Emblem (also Germania or Liberty Bench) is an unincorporated community in western Big Horn County, Wyoming, United States. The community has an official population of 10, although the surrounding rural area increases the number to over 100. It lies along the concurrent U.S. Routes 14, 16 and 20, west-northwest of the town of Basin, the county seat of Big Horn County. Its elevation is 4,449 ft. Although Emblem is unincorporated, it has a post office, with the ZIP code of 82422.

==History==
Emblem was founded in 1896 when Solon Wiley's Big Horn Basin Development Company brought irrigation to the Emblem Bench. Lutheran Germans settled there. The area now known as Emblem was once called Germania Bench after a settlement of German Lutherans arrived to farm the land. The name became a subject of Anti-German sentiment during the first World War and the surrounding communities demanded that it be changed. Specifically, the community was told that the new name should be an "emblem of liberty." Accordingly, the name was changed to Emblem and the area was often referred to as "Liberty Bench."

==Climate==

According to the Köppen climate classification system, Emblem has a cold desert climate, abbreviated "BWk" on climate maps.
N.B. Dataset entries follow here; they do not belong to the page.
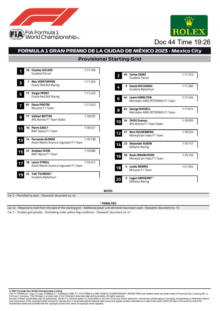Résultats définitifs des qualifications et grille de départ provisoire.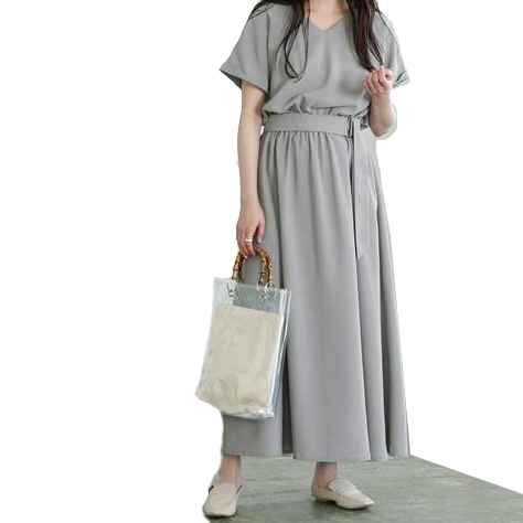 3.ウエスト回りのシャーリングでメリハリ◎優雅なシルエット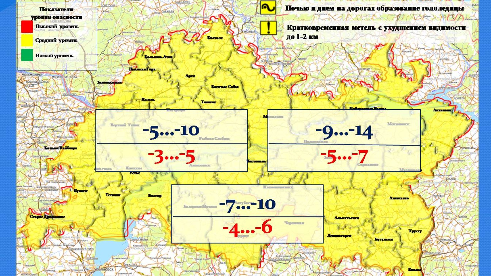 Минималь һава температурасы төнлә һәм иртән -6..-8˚.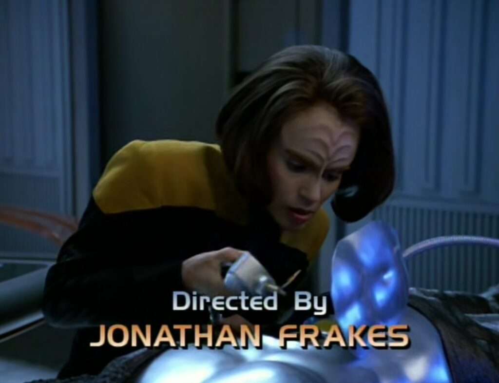 • The last episode of Star Trek directed by Jonathan Frakes.  After this he directed two TNG movies.  The next episode he directed was Discovery 01×10 – “Despite Yourself” in 2018.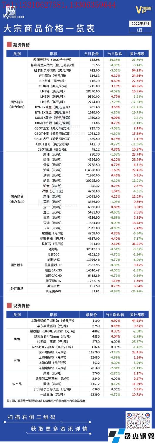 免責聲明:本網站(山東聊城晟杰無縫鋼管廠www.hccoo.com)刊載的“俄烏局勢丨大宗商品價格一覽表(6月1日)”等均源于網絡,版權歸原作者所有,且僅代表原作者觀點,本文所載信息僅供參考。轉載僅為學習與交流之目的,如無意中侵犯您的合法權益,請及時聯系刪除。本網站刊登此篇文章并不意味著本站贊同其觀點或證實其內容的真實性,我們不對其科學性、嚴肅性等作任何形式的保證。如果侵犯了您的版權,請盡快聯系我們予以撤銷,謝謝合作!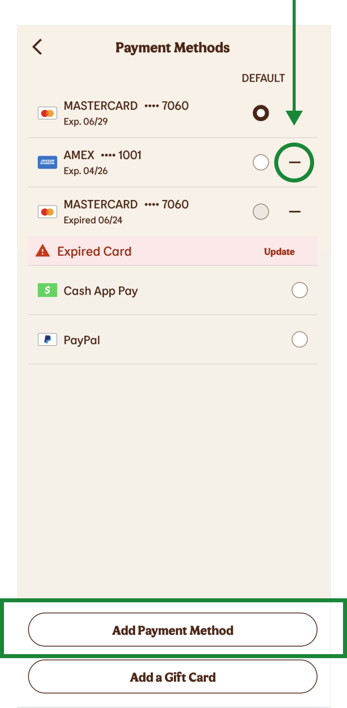 - To add a card, select “Add Payment Method”.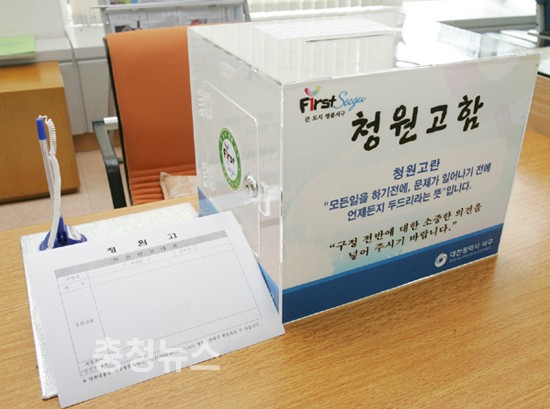 대전시 서구(구청장 박환용)는 구정 전반에 대해 주민들과 상시 소통을 하기 위해 구 홈페이지에 "청원고(請願告)"를 개설, 구청민원실과 23개 주민센터에는 청원고함을 제작 비치해 21일부터 연중 운영한다고 밝혔다.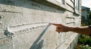 外壁を触ると白い粉が手につく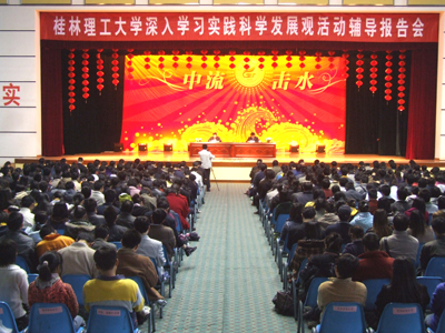 4月2日下午,学校党委书记、学校深入学习实践科学发展观活动领导小组组长黎志逘在体育馆三楼礼堂为全校共产党员作了深入学习实践科学发展观辅导报告。报告会由学校党委副书记、纪委书记、学校深入学习实践科学发展观活动领导小组副组长赵君主持。学校党委委员、副校长李祥清、阮百尧、肖明贵,校长助理陈学军与全校党员出席参加了报告会。 黎志逘书记的报告分为三个部分,第一部分详细讲解了科学发展观的基本内涵、提出的背景,科学发展观与马克思列宁主义、毛泽东思想、邓小平理论和“三个代表”重要思想一脉相承的关系以及科学发展观的与时俱进;第二部分具体分析了学习实践科学发展观的重大现实意义;第三部分阐述了如何学好用好科学发展观,用科学发展观武装头脑、指导实践。黎书记在报告中特别强调了要用科学发展观指导学校的改革与发展,推动学校各项事业的又好又快发展。他说,学校更名大学的成功是学校发展过程中的一个新的飞跃,但是,建设和发展Beat365中文官方网站的任务将会更加艰巨。黎书记勉励全校共产党员务必要继续保持谦虚谨慎、戒骄戒躁和艰苦奋斗的工作作风,以开展深入学习实践科学发展观活动为契机,进一步理清发展思路,认清发展道路上存在的矛盾和困难,用发展的理念去研究、解决学校发展道路上所遇到的各种问题,推动学校和谐发展、协调发展、可持续发展。 黎志逘书记的辅导报告以丰富的内容、翔实的数据和生动的事例对科学发展观的内涵、精神实质和学习实践科学发展观的重大意义进行了系统的阐述和深刻的分析,并且紧密联系Beat365官网发展的实际提出了应该如何学习实践科学发展观,使与会党员对学习实践科学发展观有了更加深入的认识和更加全面的理解,全体与会党员对黎书记精彩的报告报以阵阵热烈的掌声。黎书记带头宣讲科学发展观也体现了学校党委对开展深入学习实践科学发展观活动的高度重视,体现了领导干部率先垂范、带头学习的好作风,使在座党员受到了一次深刻的党性教育,受益匪浅。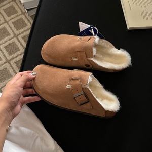 秋冬新款牛皮厚底毛毛拖鞋女勃肯外穿包头舒适休闲半拖鞋

The hottest temperature recorded in Emblem was 109 °F on June 30, 2007, while the coldest temperature recorded was -37 °F on December 31, 1978.

Climate data for Emblem, Wyoming, 1991–2020 normals, extremes 1911–present
| Month | Jan | Feb | Mar | Apr | May | Jun | Jul | Aug | Sep | Oct | Nov | Dec | Year |
| Record high °F (°C) | 62 (17) | 69 (21) | 79 (26) | 89 (32) | 97 (36) | 109 (43) | 105 (41) | 103 (39) | 97 (36) | 88 (31) | 72 (22) | 68 (20) | 109 (43) |
| Mean maximum °F (°C) | 48.9 (9.4) | 53.8 (12.1) | 68.9 (20.5) | 78.3 (25.7) | 85.9 (29.9) | 93.6 (34.2) | 97.2 (36.2) | 95.7 (35.4) | 90.4 (32.4) | 78.7 (25.9) | 62.8 (17.1) | 51.9 (11.1) | 98.4 (36.9) |
| Mean daily maximum °F (°C) | 30.8 (−0.7) | 35.4 (1.9) | 49.5 (9.7) | 58.5 (14.7) | 67.7 (19.8) | 77.6 (25.3) | 85.9 (29.9) | 84.0 (28.9) | 73.7 (23.2) | 58.3 (14.6) | 43.1 (6.2) | 31.8 (−0.1) | 58.0 (14.4) |
| Daily mean °F (°C) | 19.6 (−6.9) | 24.1 (−4.4) | 36.4 (2.4) | 45.0 (7.2) | 54.5 (12.5) | 63.5 (17.5) | 70.6 (21.4) | 68.3 (20.2) | 58.8 (14.9) | 45.3 (7.4) | 31.4 (−0.3) | 20.9 (−6.2) | 44.9 (7.1) |
| Mean daily minimum °F (°C) | 8.5 (−13.1) | 12.7 (−10.7) | 23.3 (−4.8) | 31.5 (−0.3) | 41.2 (5.1) | 49.4 (9.7) | 55.2 (12.9) | 52.7 (11.5) | 44.0 (6.7) | 32.3 (0.2) | 19.7 (−6.8) | 9.9 (−12.3) | 31.7 (−0.2) |
| Mean minimum °F (°C) | −13.2 (−25.1) | −7.4 (−21.9) | 5.4 (−14.8) | 18.1 (−7.7) | 27.6 (−2.4) | 38.2 (3.4) | 46.1 (7.8) | 42.1 (5.6) | 31.1 (−0.5) | 15.9 (−8.9) | −1.0 (−18.3) | −8.5 (−22.5) | −19.1 (−28.4) |
| Record low °F (°C) | −35 (−37) | −34 (−37) | −19 (−28) | 5 (−15) | 18 (−8) | 31 (−1) | 34 (1) | 30 (−1) | 16 (−9) | −10 (−23) | −28 (−33) | −37 (−38) | −37 (−38) |
| Average precipitation inches (mm) | 0.24 (6.1) | 0.26 (6.6) | 0.36 (9.1) | 0.83 (21) | 1.41 (36) | 1.31 (33) | 0.63 (16) | 0.42 (11) | 1.00 (25) | 0.76 (19) | 0.29 (7.4) | 0.22 (5.6) | 7.73 (195.8) |
| Average snowfall inches (cm) | 2.8 (7.1) | 3.1 (7.9) | 1.2 (3.0) | 2.0 (5.1) | 0.2 (0.51) | 0.0 (0.0) | 0.0 (0.0) | 0.0 (0.0) | 0.0 (0.0) | 1.2 (3.0) | 2.5 (6.4) | 3.3 (8.4) | 16.3 (41.41) |
| Average precipitation days (≥ 0.01 in) | 2.8 | 2.7 | 3.3 | 5.4 | 7.3 | 7.5 | 4.6 | 4.7 | 4.4 | 3.9 | 3.2 | 2.9 | 52.7 |
| Average snowy days (≥ 0.1 in) | 1.5 | 1.3 | 0.6 | 1.1 | 0.5 | 0.0 | 0.0 | 0.0 | 0.0 | 0.5 | 1.5 | 1.3 | 8.3 |
Source 1: NOAA
Source 2: National Weather Service

==Education==
Public education in the community of Emblem is provided by Big Horn County School District #3. The district has three campuses – Greybull Elementary School (grades K-5), Greybull Middle School (6-8), and Greybull High School (9-12).